ADWEC uses @RISK to help forecast Abu Dhabi’s water demand up until the year 2030.
The Abu Dhabi Water & Electricity Company (ADWEC) is a private joint stock company duly organised under the Law of the Emirate of Abu Dhabi pursuant to the 1998 Water & Electricity Law No.2 as a wholly owned subsidiary of the Abu Dhabi Power Corporation which is wholly owned by the Abu Dhabi Water and Electricity Authority (ADWEA).
ADWEC is the ‘Single Buyer and Seller’ of power and water in the Emirate of Abu Dhabi. It has to balance demand and supply through sales contracts on the basis of a Bulk Supply Tariff (BST) with the distribution companies and through Power and Water Purchase Agreements (PWPAs) with the generation companies. Its role is to guarantee the security and supply of water and electricity across the region.
Abu Dhabi relies almost completely on desalinated seawater for its potable water requirements. The desalination process is challenging in terms of operation, costs, and environmental impact. ADWEC must therefore forecast as accurately as possible the demand for water and electricity across the Emirate in order to plan for the optimum expansion as well as the most efficient and effective use of water production plants.
By undertaking risk analysis of the variables involved in assessing demand and supply, ADWEC minimises the potential for water production capacity to be over or under installed. Whilst over-production capacity is expensive, at the other end of the scale it is essential that Abu Dhabi has sufficient water production capacity to support the Abu Dhabi government development plan (Abu Dhabi Plan 2030).
@RISK determines water demand
ADWEC must allow for all feasible uncertainties in the variables that determine the quantity of water required over specific timescales. Before the implementation of @RISK, it used to prepare a high, an average, and a low water demand forecast scenario to do this. However, since 2006, it has been required by the Regulation and Supervision Bureau (RSB), the regulatory body of Abu Dhabi, to use a probabilistic approach and risk-based methodology to assess the water demand and the required capacity.
The RSB suggested implementing risk analysis software to achieve this, and ADWEC selected @RISK from Palisade because it offered the features it required and was cost-effective.
ADWEC now uses @RISK to help it forecast Abu Dhabi’s water demand up until the year 2030. (This timescale is in line with the government’s vision, ‘Abu Dhabi Plan 2030’, a framework to optimise the city’s development, based on environmental, social and economic criteria).
On the water demand side, the variables input into the @RISK model are based on the water demand categories such as domestic, agricultural and industrial. Each of these has its own set of data, assumptions and uncertainties, and ADWEC uses these to combine a bottom-up approach with @RISK’s statistical modelling tools to obtain the forecast that it requires to supply the right amount of water.
Factors with inherent uncertainties that affect the demand forecast outcome and are modelled by @RISK include: seasonal variation, distillers unplanned outages, water losses, population growth rates, and demand for housing.
As a result of using @RISK to assist with its forecasting, planning and management strategies, ADWEC has been able to consistently meet with almost complete accuracy and a high degree of confidence the Abu Dhabi Emirate water demand forecasts. It is keen to maintain this track record, which has contributed to Abu Dhabi being one of the few countries in the world that has had no water and electricity capacity shortages since 1998.

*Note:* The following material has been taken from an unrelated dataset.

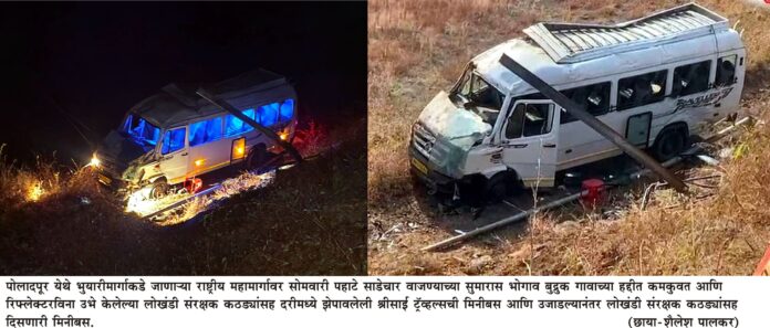 पोलादपूर, २४ (प्रतिनिधी– शैलेश पालकर): मुंबई–गोवा राष्ट्रीय महामार्ग क्रमांक ६६ वर पहाटे घडलेल्या भीषण अपघाताने महामार्गावरील सुरक्षा व्यवस्थेवर प्रश्नचिन्ह निर्माण केले आहे. स्वारगेट, पुणे येथून दापोलीकडे जाणारी खासगी मिनी बस भोगाव बुद्रुकजवळील पुलाच्या आधी रिफ्लेक्टर नसलेल्या लोखंडी संरक्षक कठड्यांना जोरदार धडक देत जवळपास ४५ ते ५० फूट खोल दरीत कोसळली. या भीषण अपघातात बसमधील २२ प्रवासी जखमी झाले असून त्यापैकी १० जणांची प्रकृती अत्यंत गंभीर आहे.

Head of Water Forecasting, ADWEC Planning and Studies Directorate
Key software features useful to ADWEC:
*Easily selected probability distribution curves *Improved reporting capabilities *Wide ranging capability of software *Ease of using data for other software, such as Palisade’s PrecisionTree
Specific techniques used by ADWEC for quantitative analysis ADWEC tries to limit the uncertainty band to a reasonable width otherwise it can become inconclusive. This is achieved through careful analysis of data and what to include and exclude.

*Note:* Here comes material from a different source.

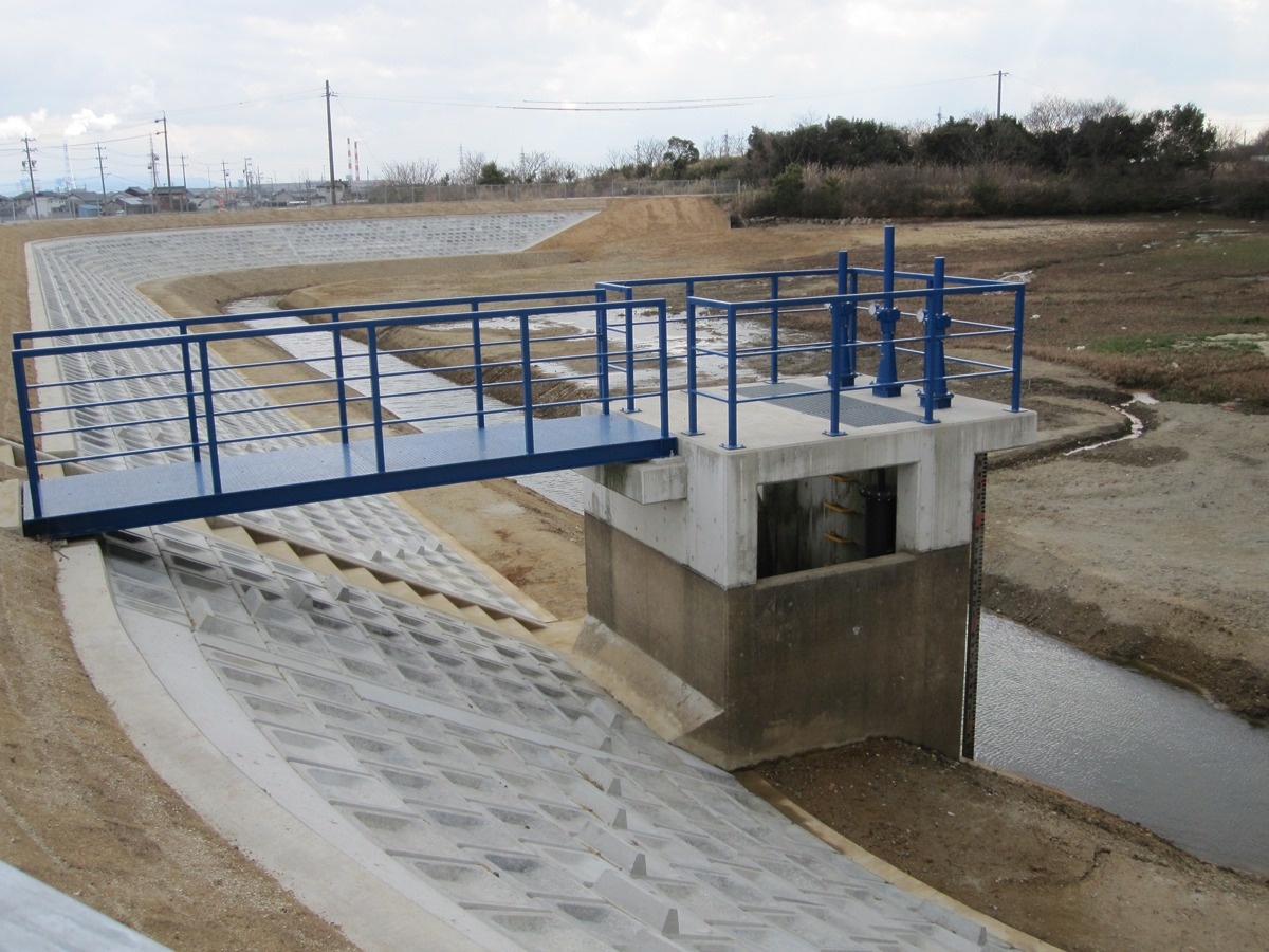 農地からの排水を河川へすみやかに放流させるとともに、川の水位が洪水などで高くなった時に、その水が農地等の堤内地側に逆流しないように設ける施設です。当社で蓄積された技術をベースにした排水シミュレーションと新技術を活用したきめ細かいサービスを提供しています。

Distributions used In population related analysis the normal distribution is used most commonly because this is the most representative. Other distributions can also be used depending on the data available, and the experience of the user.

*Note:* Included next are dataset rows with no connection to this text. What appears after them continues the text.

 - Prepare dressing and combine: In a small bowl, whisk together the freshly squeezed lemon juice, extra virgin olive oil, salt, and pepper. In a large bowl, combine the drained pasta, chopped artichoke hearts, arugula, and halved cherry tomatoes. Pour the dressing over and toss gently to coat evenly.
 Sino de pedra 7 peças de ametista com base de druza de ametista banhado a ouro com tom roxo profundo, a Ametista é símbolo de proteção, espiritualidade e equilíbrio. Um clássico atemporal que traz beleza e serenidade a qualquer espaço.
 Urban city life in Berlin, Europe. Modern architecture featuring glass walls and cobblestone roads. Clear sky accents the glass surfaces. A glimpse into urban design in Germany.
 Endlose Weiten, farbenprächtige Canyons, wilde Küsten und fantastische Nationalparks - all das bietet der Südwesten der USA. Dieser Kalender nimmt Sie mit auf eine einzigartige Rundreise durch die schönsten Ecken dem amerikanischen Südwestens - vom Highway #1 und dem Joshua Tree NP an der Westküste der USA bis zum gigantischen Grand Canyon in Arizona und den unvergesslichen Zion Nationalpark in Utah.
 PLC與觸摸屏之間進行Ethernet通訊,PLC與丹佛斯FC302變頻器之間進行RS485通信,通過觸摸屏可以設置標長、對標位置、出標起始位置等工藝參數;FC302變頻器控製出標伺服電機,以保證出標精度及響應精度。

Example snapshot The two charts below are samples of @RISK output. The first chart represents the demand forecast from year 2010 till 2030 for the Abu Dhabi Emirate including the water exports to neighbouring Emirates. It shows the most likely (mean) demand curve as well as the demand percentile bands above and below it.
The second chart represents the resultant demand probability distribution curve for year 2010. The charts have been produced using Monte Carlo simulation with just 100 iterations; sufficient for demonstration purposes. The model can be run with 10,000 iterations that result in smoother-edged curves.